Saturday, March 28, 2009

Look Out, World







(Gratuitous and inexplicably rotated photo of chubby grubby baby toes just for kicks. Even chubbier baby thighs and messy "muffin head" hairdo courtesy of that's-really-my-life photography. Translation: No time for stylist (or pants?) when we're taking our first steps. )






Wednesday, March 25, 2009

A Little Souffle

Well.

After three weeks (or so -- I've lost track in that particular way of long vacations or ongoing insomnias) of near-daily doctor visits and too-frequent ER dashes, we still have no diagnosis.

We have an old-fashioned quarantine.

Oh, they're not calling it quarantine. There's the lack of a sign on our door. And there's a serious lack of slowing in the visits and phone calls such as you would expect in a true quarantine situation.

Not that I have any knowledge of quarantine protocol that goes beyond what you could learn in a movie (by that name, I think? Quarantine?)... anywho, I don't know the first thing about quarantine.

But I do know Sarah's on steroids for their anti-inflammatory effect, and I know we're not going to chess class, or archaeology, or the zoo, or anywhere else but stir crazy for two weeks until her next round of tests.

Sarah folds over on herself. Sarah is as flexible as a gymnast, a ballerina, a switch-hit debate star.
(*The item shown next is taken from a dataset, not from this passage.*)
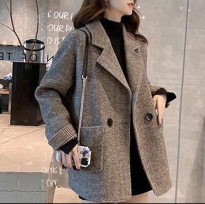 冬アウター ジャケット 韓国ファッション ブレザー コート レディース ツイード厚手ゆったりカジュアルブレザー 通勤
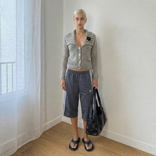 Italian Vintage Taupe Mohair Wool Cardigan Embellished Floral (S)

This flexibility is her strength and her signature and a great reason in a long list of reasons to love her.


But right now Sarah doubles over like a crepe, golden but much more fragile than your workaday pancake. She folds in on herself as a morning glory does at dusk, exhausted in retreat from the beauty of the day. She's a souffle', sensitive to temperature and sound and the moods of those around her.

She's been ultrasounded (now that's a funny made-up verb) and X-Rayed and EKG'd and poked and prodded and annoyed as all get out by (apparently) falsely cheerful RNs. Her blood's been drawn too many times to count and I want to shout at the medical profession to please plan accordingly. "How much blood can the anemic girl spare?" Katie wanted to know. I want to know too.

Staying home for two weeks sounds restful. But now that I've had a day of it? One day? I'm exhausted. I am strung out like a strand of costume pearls on thin elastic. I am run through a wringer washer and hung to dry with the wrinkles getting crackly in the dry heat of a desert day. I am possibly just now sifting through the half-dozen doctors' ideas and concerns and oft-conflicting recommendations. Did we really just do all of that? Did I remain standing for that? Did we all?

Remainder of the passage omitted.